■ **Available data**:
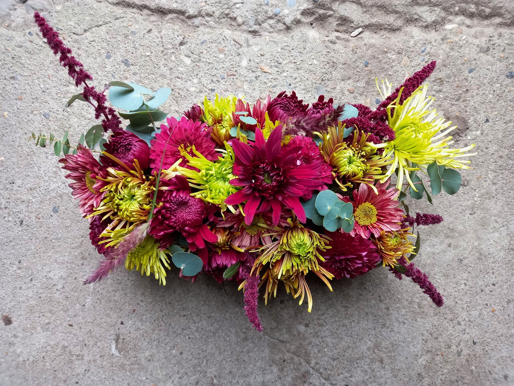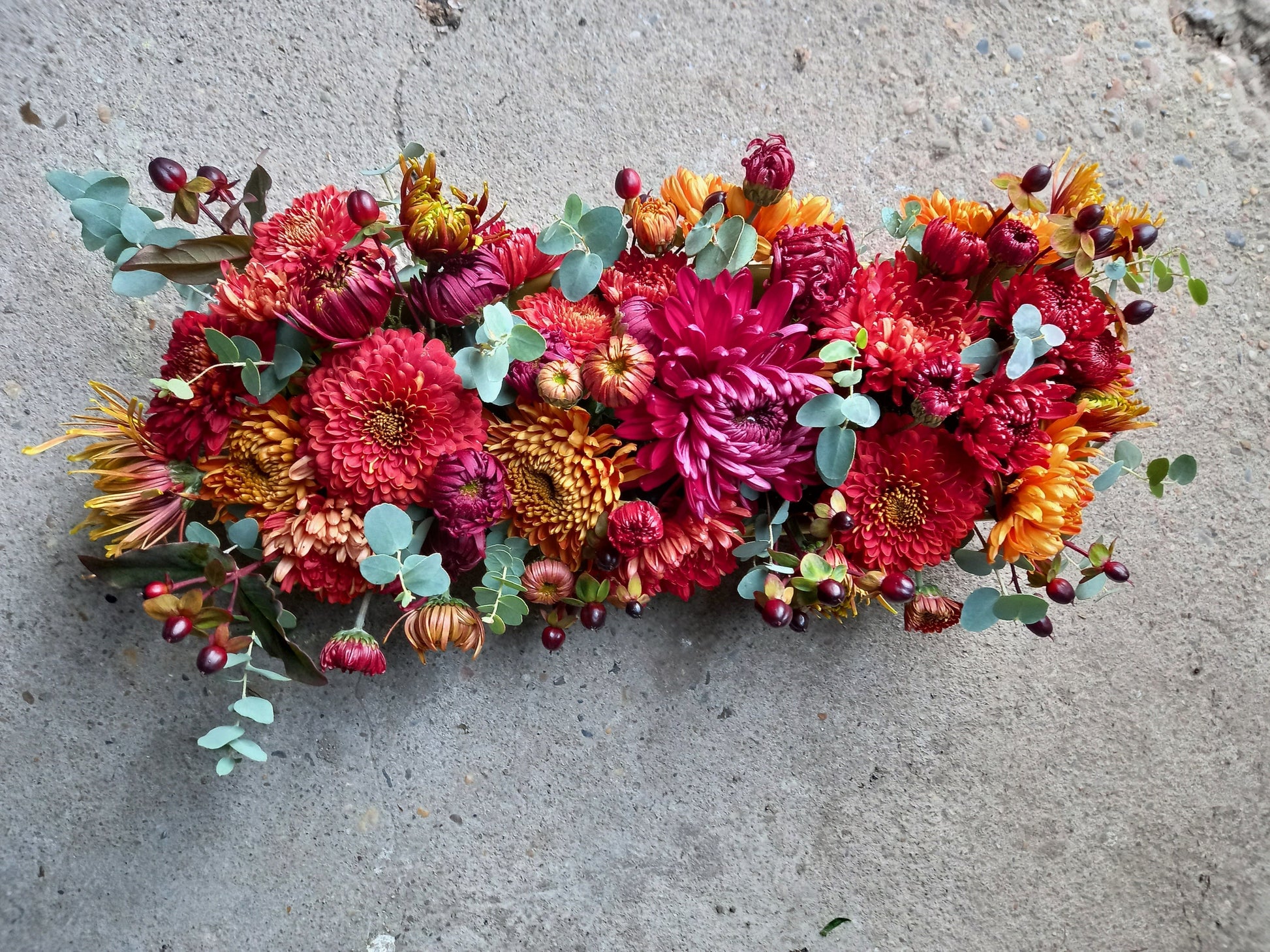 Een uniek (graf)stuk met lokaal geteelde chrysanten en wat de natuur te bieden heeft.
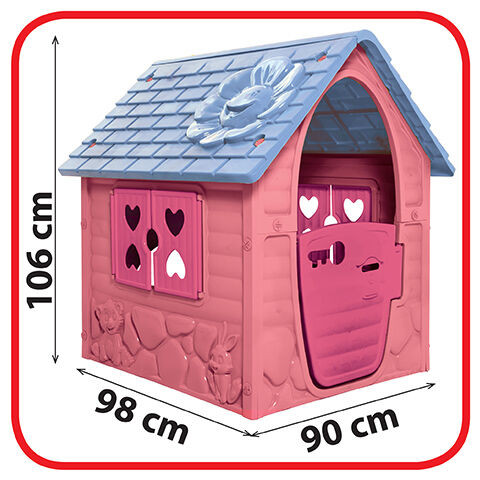 Első játék házikónak tökéletes választás gyermekednek, kiváló méretekkel rendelkezik, nem nagy de nem is kicsi. A játék házat könnyedén össze tudod szerelni illetve szétszerelni ha szükséges. Ideális választás 2 éves kortól első játék házikónak. A kicsik ki tudnak alakítani egy saját kis világot a játék házikó belsejében, maguknak tekinthetik a tulajdont és a helyszínt. Babázhatnak is bent, vagy egy kis konyhát is be tudnak vinni kiegészítőként, de lehet ez egy fagyis bódé a nagy nyári melegekben, gyakorlatilag a fantázia szabhat csak határt ennek a játékház kihasználhatóságának. 2 ablaka 1 ajtaja és egy hátsó bebújós része is van a játékháznak. Még kedvesebbé teszi a tetőn lévő mosolygós virág motívum ezt a kis házikót. 2 éves kortól ajánlott.: hossz 98 x szél 90 x mag 106 cm.
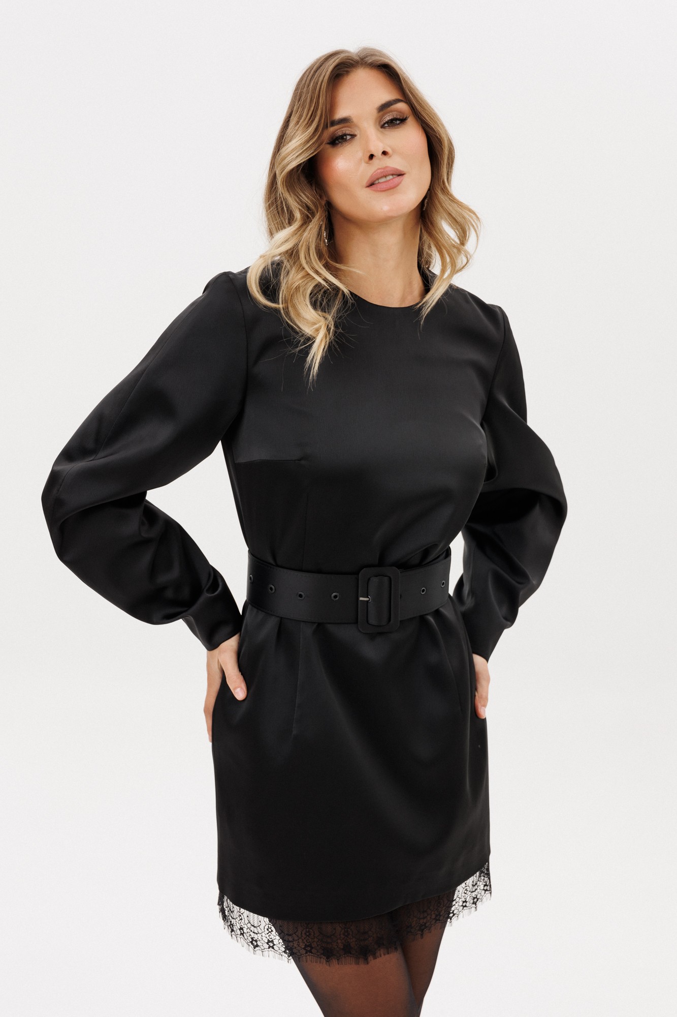 Платье выполнено из плотного атласа. Платье полуприлегающего силуэта длиной выше линии колена. Застежка на потайную молнию сзади в среднем шве спинки. Горловина округлой формы. Рукав двухшовный, фигурной формы. Низ платья декорирован кружевом. Платье на притачной по низу подкладке. В комплект входит съемный ремень из основной ткани с обтяжной пряжкой и блочками.

■ **Exercise description**: Reproduce the data word for word, excluding its pictures.

■ **Result of this exercise**:
 Een uniek (graf)stuk met lokaal geteelde chrysanten en wat de natuur te bieden heeft.
 Első játék házikónak tökéletes választás gyermekednek, kiváló méretekkel rendelkezik, nem nagy de nem is kicsi. A játék házat könnyedén össze tudod szerelni illetve szétszerelni ha szükséges. Ideális választás 2 éves kortól első játék házikónak. A kicsik ki tudnak alakítani egy saját kis világot a játék házikó belsejében, maguknak tekinthetik a tulajdont és a helyszínt. Babázhatnak is bent, vagy egy kis konyhát is be tudnak vinni kiegészítőként, de lehet ez egy fagyis bódé a nagy nyári melegekben, gyakorlatilag a fantázia szabhat csak határt ennek a játékház kihasználhatóságának. 2 ablaka 1 ajtaja és egy hátsó bebújós része is van a játékháznak. Még kedvesebbé teszi a tetőn lévő mosolygós virág motívum ezt a kis házikót. 2 éves kortól ajánlott.: hossz 98 x szél 90 x mag 106 cm.
 Платье выполнено из плотного атласа. Платье полуприлегающего силуэта длиной выше линии колена. Застежка на потайную молнию сзади в среднем шве спинки. Горловина округлой формы. Рукав двухшовный, фигурной формы. Низ платья декорирован кружевом. Платье на притачной по низу подкладке. В комплект входит съемный ремень из основной ткани с обтяжной пряжкой и блочками.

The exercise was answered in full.